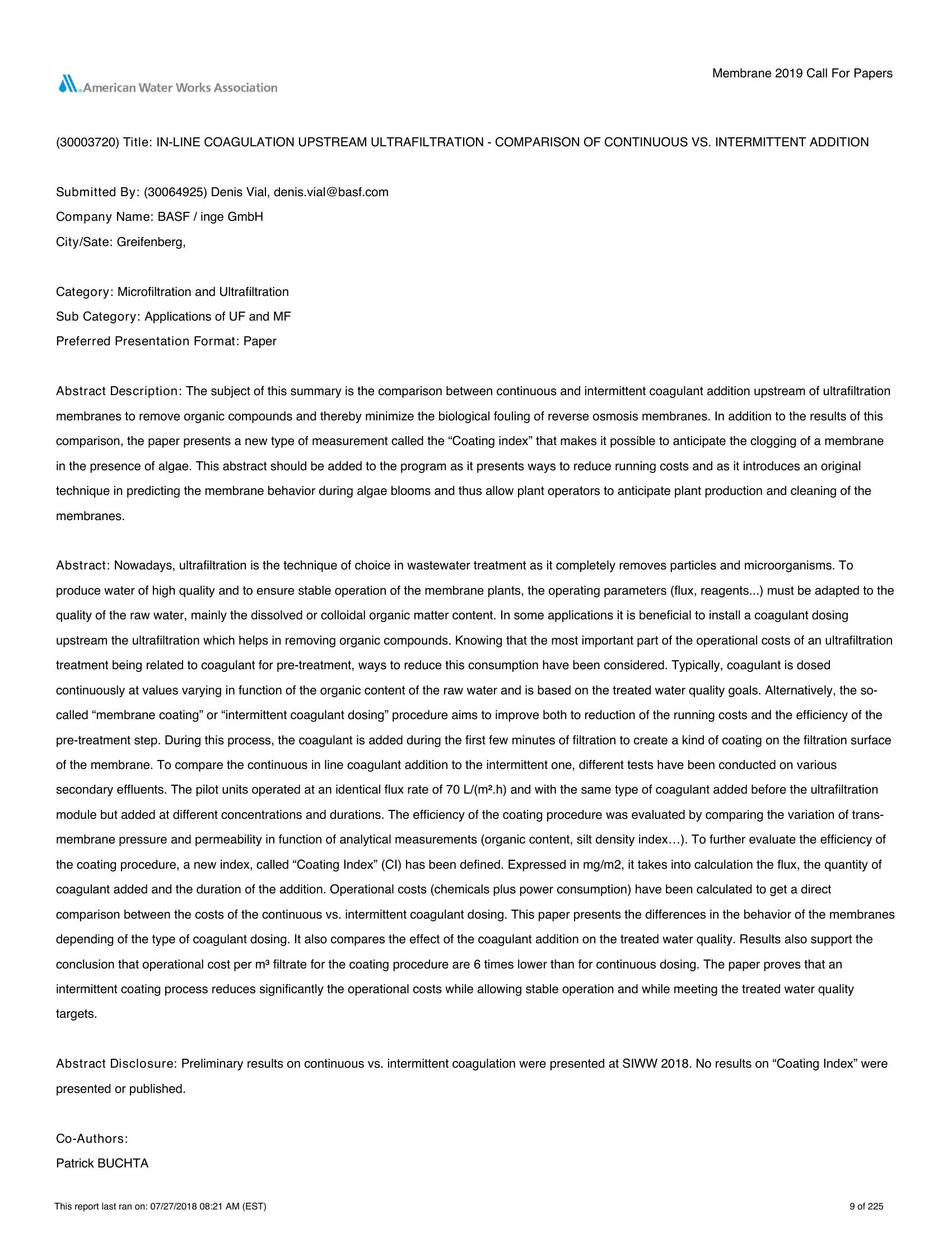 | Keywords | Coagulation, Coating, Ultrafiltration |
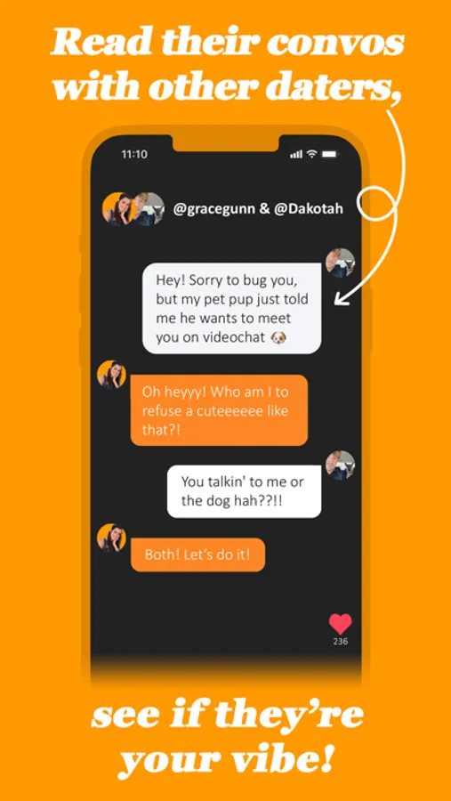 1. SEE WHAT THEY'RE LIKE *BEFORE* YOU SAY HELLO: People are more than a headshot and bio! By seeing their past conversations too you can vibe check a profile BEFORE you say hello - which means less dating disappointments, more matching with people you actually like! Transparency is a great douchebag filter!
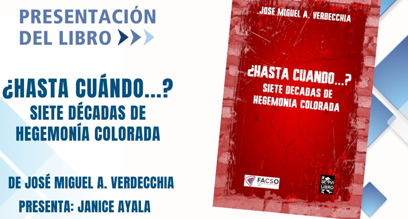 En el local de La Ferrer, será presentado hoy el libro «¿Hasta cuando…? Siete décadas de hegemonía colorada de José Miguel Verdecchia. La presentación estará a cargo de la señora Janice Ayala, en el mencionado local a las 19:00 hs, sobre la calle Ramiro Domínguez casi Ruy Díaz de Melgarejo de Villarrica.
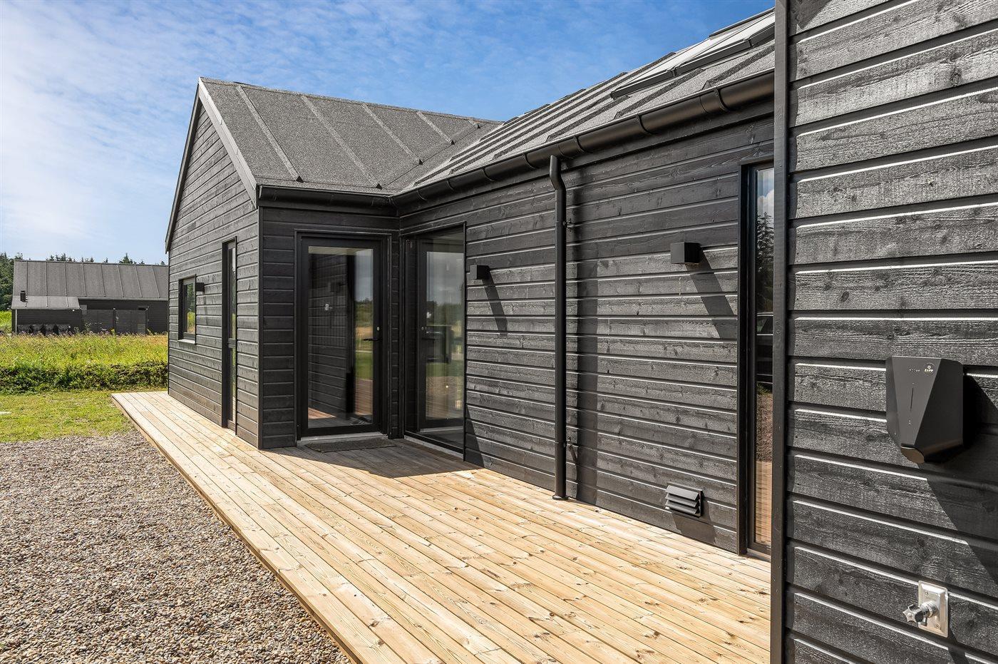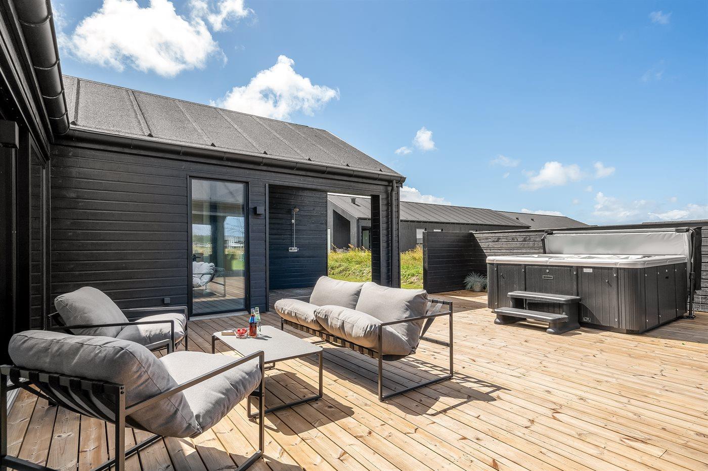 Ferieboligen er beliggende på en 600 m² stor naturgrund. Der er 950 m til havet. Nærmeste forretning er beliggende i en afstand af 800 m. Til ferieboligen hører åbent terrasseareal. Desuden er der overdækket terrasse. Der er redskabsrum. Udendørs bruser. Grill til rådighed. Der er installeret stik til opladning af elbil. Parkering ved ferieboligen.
*-*-*
What is expected ▸ Copy exactly, and copy nothing else: the lines from the start of the data above through the line that holds "En el local". The pictures stay out.

The answer ▸
 | Keywords | Coagulation, Coating, Ultrafiltration |
 1. SEE WHAT THEY'RE LIKE *BEFORE* YOU SAY HELLO: People are more than a headshot and bio! By seeing their past conversations too you can vibe check a profile BEFORE you say hello - which means less dating disappointments, more matching with people you actually like! Transparency is a great douchebag filter!
 En el local de La Ferrer, será presentado hoy el libro «¿Hasta cuando…? Siete décadas de hegemonía colorada de José Miguel Verdecchia. La presentación estará a cargo de la señora Janice Ayala, en el mencionado local a las 19:00 hs, sobre la calle Ramiro Domínguez casi Ruy Díaz de Melgarejo de Villarrica.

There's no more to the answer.